Track 2: choir and gong.



Track 3: no voices, features just-bought Orange Tree nylon guitar from group buy. Also got to use just-bought Fluffy cello. As is my habit this one skewed more busy/happy in the first half.



Both tracks have a sprinkling of menace at the end.

Please tell me there is a whiff of theme in these things, I'm trying. Well in Track 3 to be exact I reused the cello theme from the original track which is






That phrase is dorian, and I combined it against mixolydian mode in the 2nd half.

Thanks for your toleration and feedback.
-Carl

PS: one of these has naked borrowing from Joseph Schwantner (can you tell?)

-----
Vi-Controllers,

New member here. I was offered to provide theme music with strings that will be considered for a video project that I would say has sophisticated mystery and some action, but no style was mentioned. I plan to give them two or three short tracks to find out what is useful. I don't have a demo tape but following is what I came up with for the first one which maybe a little long.



Since this is a first request, any tips on how to proceed in a professional way? Is this a reasonable track? Thanks for your expertise!!

-Carl


----------



## erica-grace (Jul 3, 2019)

TinderC said:


> I was offered to provide theme music



Umm, I don't hear a theme.


----------



## jon wayne (Jul 3, 2019)

Good production chops! Melody or not, might be just what the client wants.


----------



## TinderC (Jul 3, 2019)

erica-grace said:


> Umm, I don't hear a theme.


Glad you brought that up. I don't know if they actually said 'theme music' or if I used that word. I intended the cello part starting at 8 sec. to be thematic. I restate it several times but I should bring it out more.


----------



## TinderC (Jul 5, 2019)

jon wayne said:


> Good production chops!


Thank you. What I learned is that this track sounded very different on large monitors than on my headphones. After listening on monitors I added a 80Hz low cut filter to lighten up the cellos and also a little bit of exciter in the upper band so certain string-only parts had a bit more air.


----------



## Fang (Jul 5, 2019)

TinderC said:


> Vi-Controllers,
> 
> New member here. I was offered to provide theme music with strings that will be considered for a video project that I would say has sophisticated mystery and some action, but no style was mentioned. I plan to give them two or three short tracks to find out what is useful. I don't have a demo tape but following is what I came up with for the first one which maybe a little long.
> 
> ...




Do you have any more information on the project? I like it so far, the strings are thought provoking and the melody is nice. I could definitely hear a theme.


----------



## JT (Jul 5, 2019)

TinderC said:


> Glad you brought that up. I don't know if they actually said 'theme music' or if I used that word. I intended the cello part starting at 8 sec. to be thematic. I restate it several times but I should bring it out more.
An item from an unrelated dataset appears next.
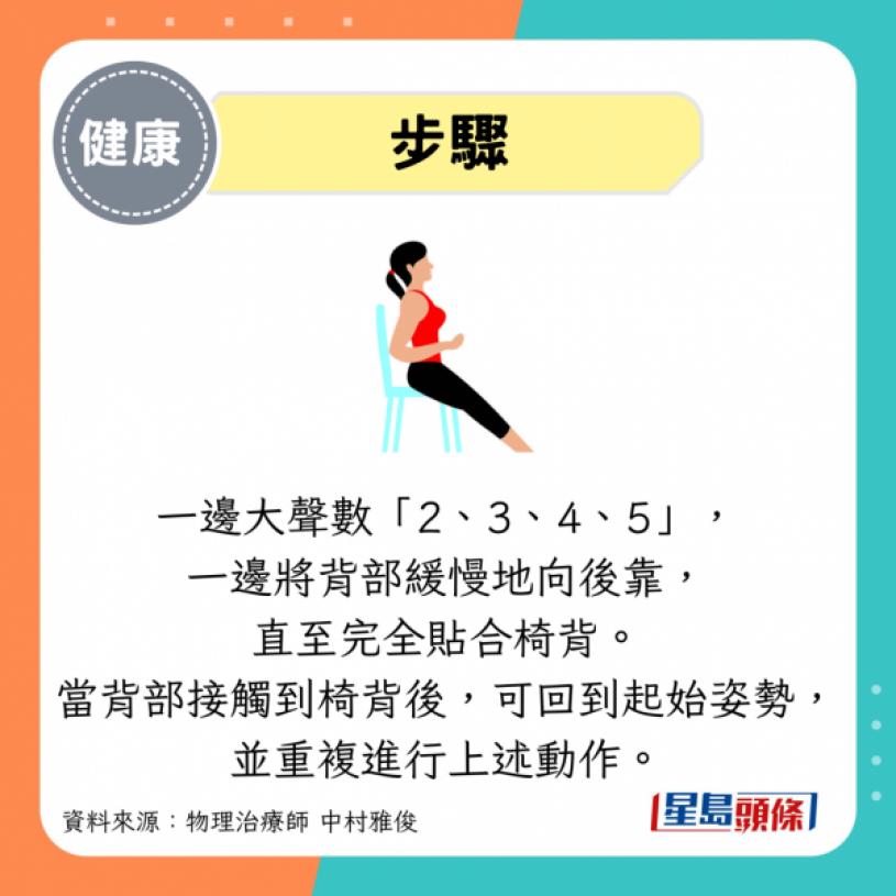 - 一邊大聲數「2、3、4、5」,一邊將背部緩慢地向後靠,直至完全貼合椅背。當背部接觸到椅背後,即可回到起始姿勢,並重複進行上述動作。

I was specifically listening for the cello, but like erica-grace said, I didn't hear a theme. If you're wanting a theme, IMO the cello needs to be less rhythmic and more melodic. Good work .

I


----------



## markleake (Jul 5, 2019)

Like the others have said, it sounds well produced, but I don't identify any theme either. There are some nice syncopated rythms which I like, but overall the track sounds fairly random.

Rythms like that aren't going to make a big impact unless they are very emphasised somehow, or the notes and structure are very carefully chosen, IMO. In this case there is too much variation, eg with the woods and percussion not following any tight stucture/melody.


----------



## VinRice (Jul 5, 2019)

Lovely production. The bell is a little loud but it's a nice mix. I would make it two minutes max and a fade-out is a no-no. The problem is the lack of structure, it meanders rather than takes us on a harmonic journey. Chord changes, instrumentation changes seem random. There's no particular need for a melody or a classic diatonic chord progression (this is for picture after all) but we need to feel some sort of narrative otherwise it just becomes frustrating to listen to, however well executed the individual musical 'cells' are. It sounds like 'film music' but you're presenting it as a piece so it must have a coherent structure.


----------



## TinderC (Jul 5, 2019)

Fang said:


> I could definitely hear a theme.


Thank you. Lot of feedback pointing the opposite, so I need to read it carefully. I'm not really *in* the project yet, so I can only tell you about the music I am working on. The strings are Cinematic Studio Strings and Solo Strings. What kinda information are you looking for?


----------



## Fang (Jul 6, 2019)

TinderC said:


> Thank you. Lot of feedback pointing the opposite, so I need to read it carefully. I'm not really *in* the project yet, so I can only tell you about the music I am working on. The strings are Cinematic Studio Strings and Solo Strings. What kinda information are you looking for?



The theme you mention sounds heroic and other parts of the piece sound very intellectual, but as a whole it comes across quite light hearted and happy. I don't know if there are any darker or more serious elements to this video. I don't feel tense at any point during this track. 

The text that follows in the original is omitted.